11
Oct/16

KATHERINE HUBBARD: BRING YOUR OWN LIGHTS (EXHIBIT AND PERFORMANCE)

11
Oct/16
(photo by twi-ny/mdr)

The relationship between the body and the act of viewing is explored in interactive Kitchen installation by Katherine Hubbard (photo by twi-ny/mdr)

The Kitchen
512 West 19th St. between Tenth & Eleventh Aves.
Installation open Tuesday – Saturday through October 22, free, 11:00 am – 6:00 pm
Performances Friday, October 14 & 21, free, 7:00
212-255-5793 ext11
thekitchen.org
katherinehubbard.com

Brooklyn-based interdisciplinary artist Katherine Hubbard will be at the upstairs Kitchen gallery on October 14 and 21 at 7:00, engaging with her immersive, interactive installation “Bring your own lights.” The thirty-five-year-old artist, who is currently in residency at the Chinati Foundation in Marfa and Baxter St. at the Camera Club of New York, has been exploring the presence and absence, both physically and psychologically, of the body, and specifically the female body in performance, since 2009, in such exhibitions as “cyclops & slashes,” “Untitled (shaving performance),” “Small Town Sex Shop,” and “A thing and its thing-ness. It’s all just nouns and adjectives baby.” Curated by Matthew Lyons, the multipart “Bring your own lights” begins with “Fifty percent distance,” a small room with a handful of movable, low-to-the-ground birch plywood stools where visitors can sit as the lights dim almost imperceptibly over a period of six minutes, and then brighten again, setting a calm, reflective mood. In the main gallery, there are dozens more stools, collectively called “Clear to the legs. Clear for thighs. Your body matter.,” which can be placed together to form larger chairs and reclining benches where people can relax as they check out several series of photographs while experiencing the relationship of the body to the act of viewing. Paying homage to the Kitchen building’s previous existence as an ice storage facility, “Bend the rays more sharply (Photographic print made from a negative embedded in ice at increments between zero and ninety.)” consists of ten silver gelatin prints made precisely as the parenthetical text of the title describes, resulting in intriguing abstract black-and-white images.
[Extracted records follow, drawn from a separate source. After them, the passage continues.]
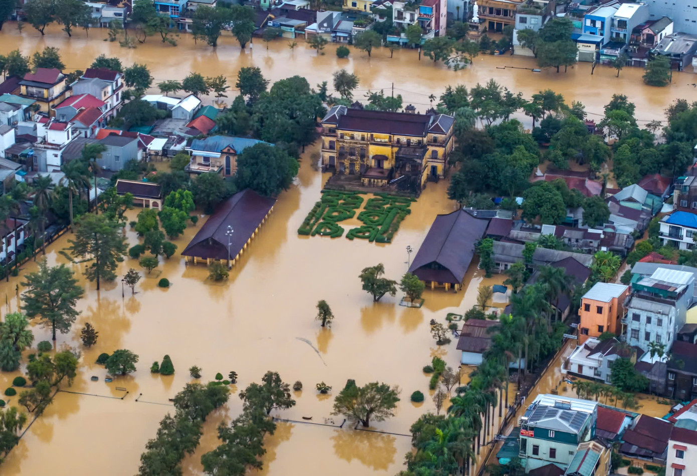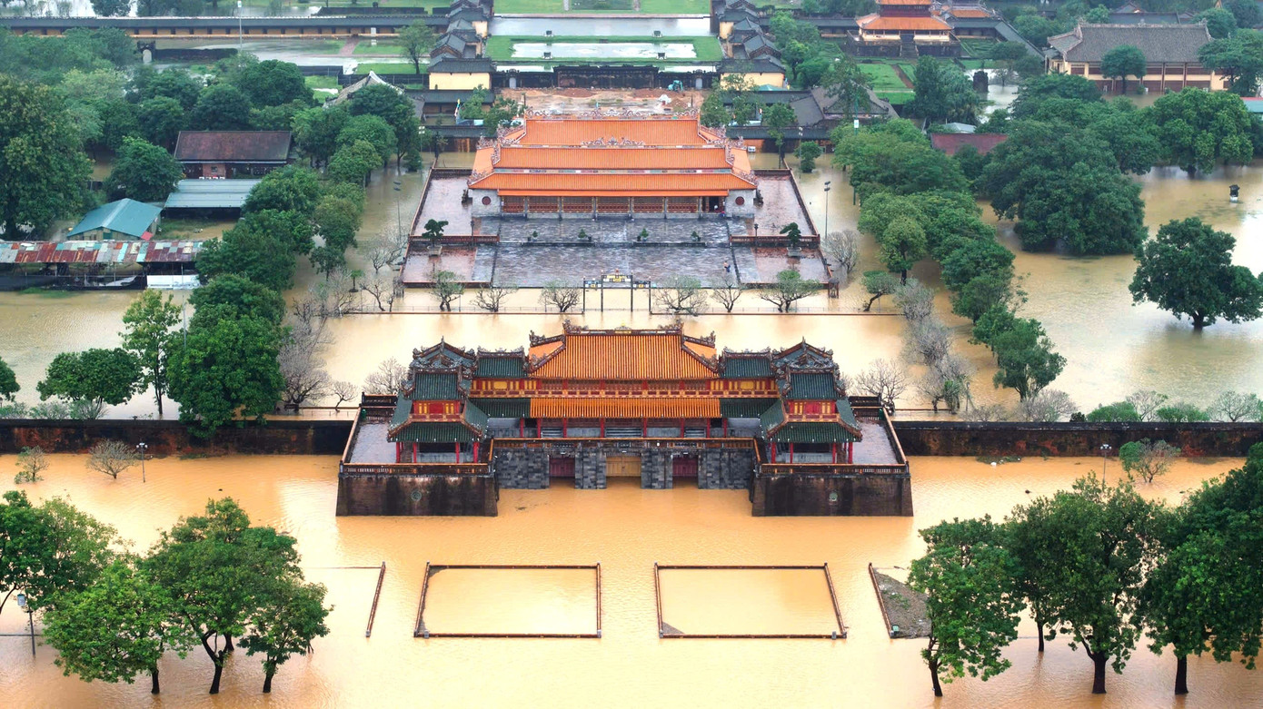 Nhìn trên cao, di tích Ngọ Môn, phía sau là điện Thái Hòa, đều bị bao quanh bởi nước lũ. Ảnh TTBTDT Huế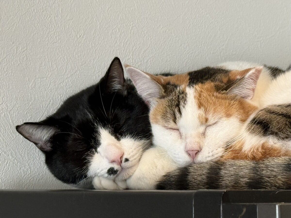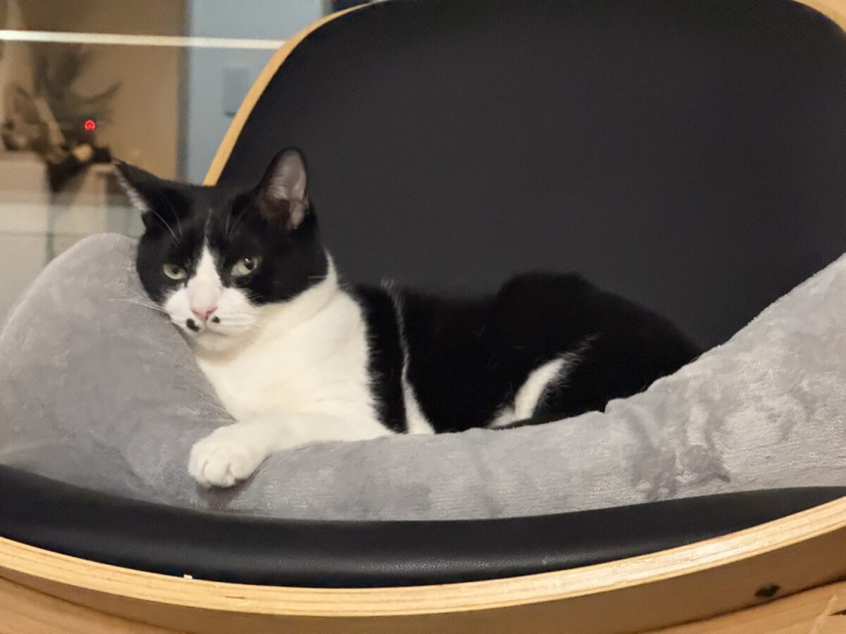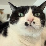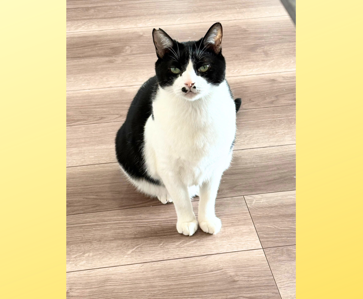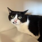 Cymbal’s standout features are definitely his adorable facial beauty spots! With his cute tuxedo pattern in tow, we think he is one dapper looking cat. When he first arrived at ARK, he was very anxious and scared of his surroundings and would often hide in the kotasu. He still does this from time to time, but now, he will pop his head out to see what is going on. Especially when food is involved! He seems to be interested in people, but would rather keep his distance to start with. Cymbal loves to hang out in high places and see what is going on below him. He is also very friendly towards other cats, so we hope families looking to add another cat to the home will come visit him! It may take Cymbal a little extra time to warm up to people, but if given plenty of time and space, you’ll be able to see for yourself what an easy going and sweet cat he is.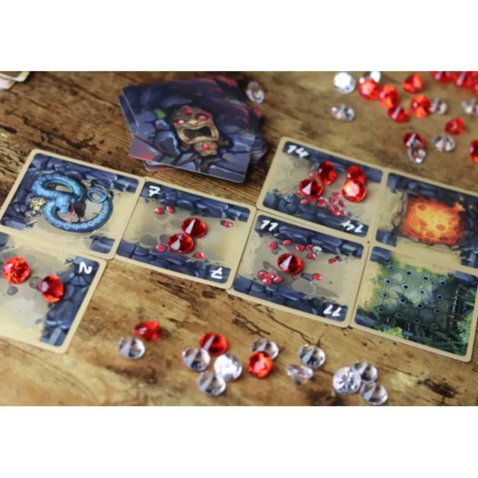 Principe du jeu : Explorez la grotte de Tacora d’un pas prudent, sous la seule lumière de vos torches. À chacune de vos avancées, découvrez un nouveau couloir et ramassez les diamants trouvés sur votre chemin. Décidez ensuite si vous voulez rentrer au campement pour mettre en sécurité tous vos trésors dans votre coffre, ou si vous préférez continuer votre expédition vers les profondeurs de la grotte à vos risques et périls ! Car si vous tombez dans un piège, vous vous précipiterez vers la sortie en laissant derrière vous toutes vos trouvailles, et rentrerez au campement les mains vides et les jambes tremblantes !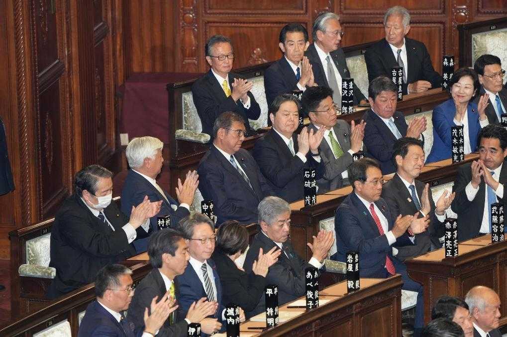 11月11日,日本东京国会众议院会议现场,石破茂在接受祝贺。新华社记者张笑宇摄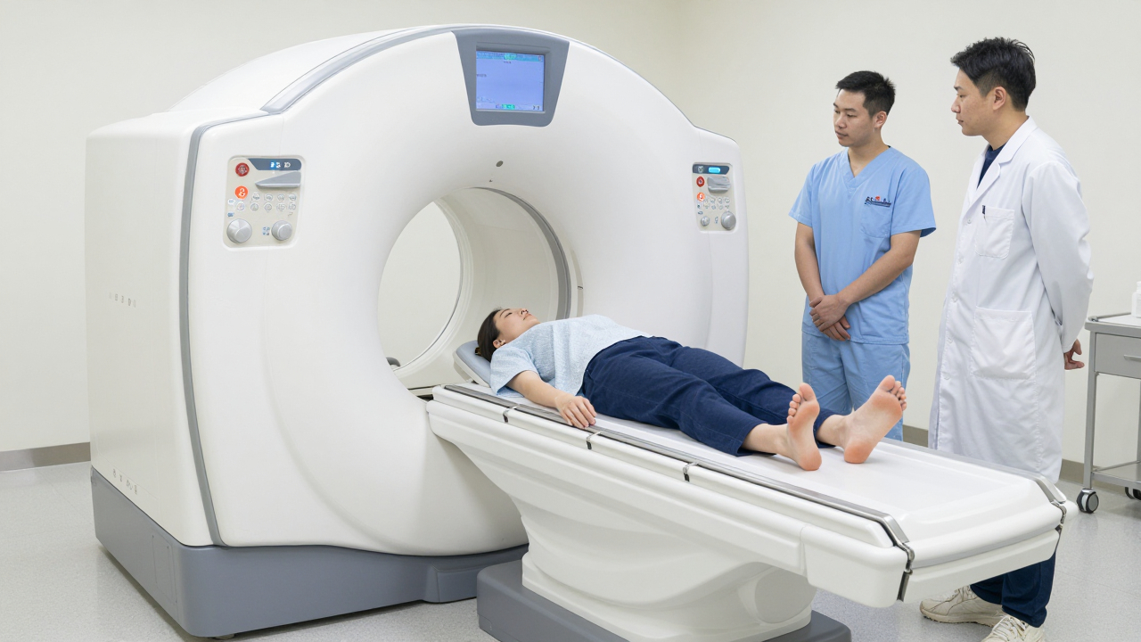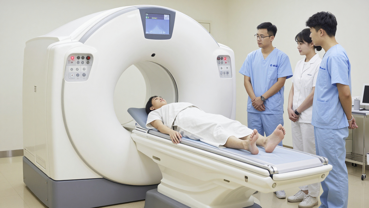 Аппарат МРТ, пациент въезжает в тоннель, медперсонал рядом.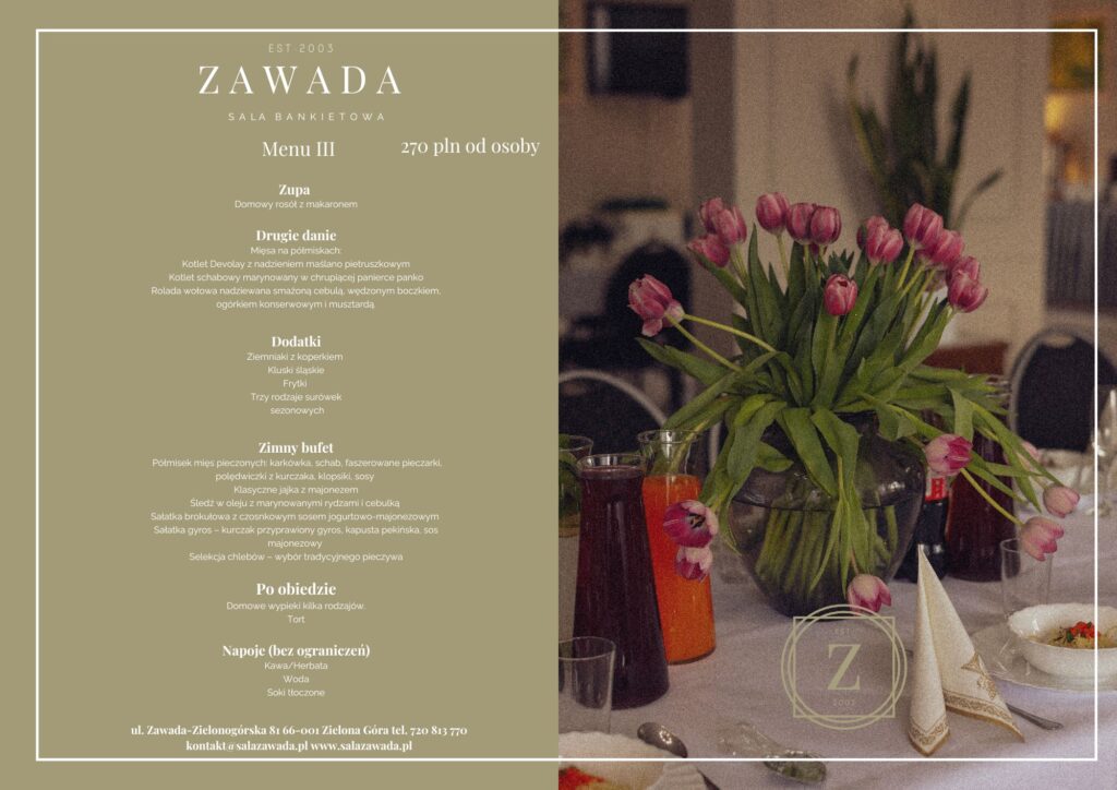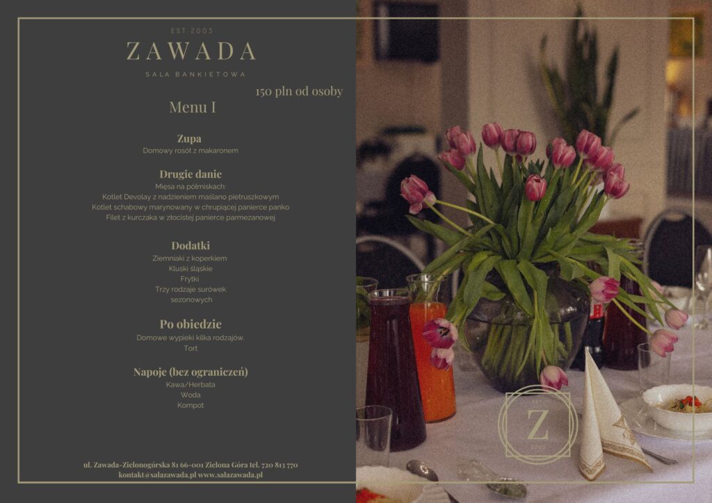 Co obejmuje oferta? Jeśli chodzi o menu i ofertę, w przypadku przyjęć chrzcielnych opieramy się na podstawowym szablonie, który stanowi punkt wyjścia do zaplanowania indywidualnego menu. Załączamy ofertę menu, która jest naszą bazą do ustalenia szczegółów. Oczywiście, podczas dokonywania szczegółowych ustaleń uwzględnimy wszystkie sugestie, wskazania dotyczące alergii oraz ewentualne ograniczenia dietetyczne. Na rok 2026 nasza podstawowa oferta obejmuje dwudaniowy obiad.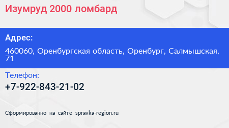 Изумруд-2000, ломбард по адресу 460060, Оренбургская область, Оренбург, Салмышская, 71 в дальнейшем Организация, размещена в следующих категориях: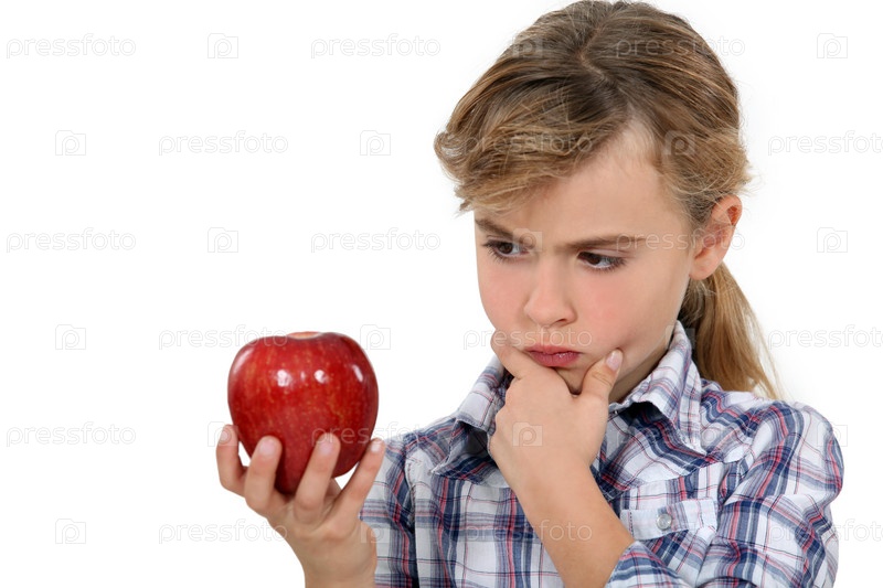 Девочка с красным яблоком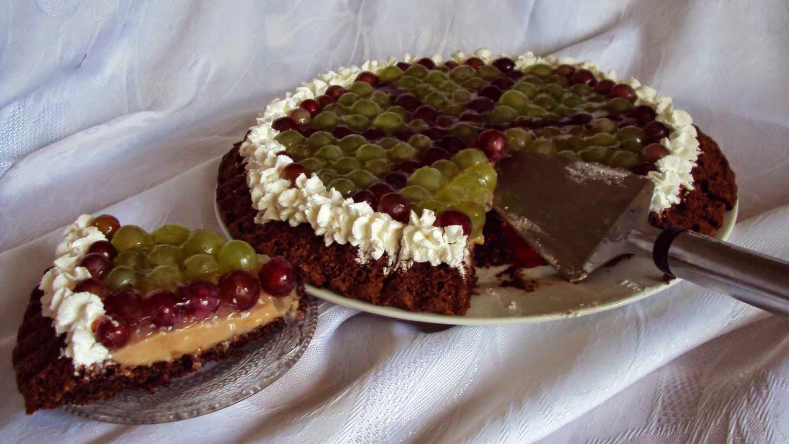 4. A szőlőt megmossuk, leszemezzük, és kirakjuk vele a torta tetejét.

The seven photographs that make up “The state and the cause” were taken in the Kitchen’s main-floor black-box space, home to experimental dance, music, and theater, as spotlights shine on an empty stage devoid of performer or performance. And a trio of “Shoring and sheeting” shots reveal New York City construction sites, although it’s not clear if things are being torn down or built up. “It is the autonomous being that deflates the gaze by not acting with the intention of being gazed upon,” Hubbard wrote about her 2012 work, “floss the barbed subject,” continuing, “I recognize the physical body as the mediator between personal desires and socially constructed desires and insist on a self-defining ownership over pleasure.” The same statement can be applied to her Kitchen exhibit, which will remain on view through October 22; admission to the performances, which are first-come, first-served, and the installation are free.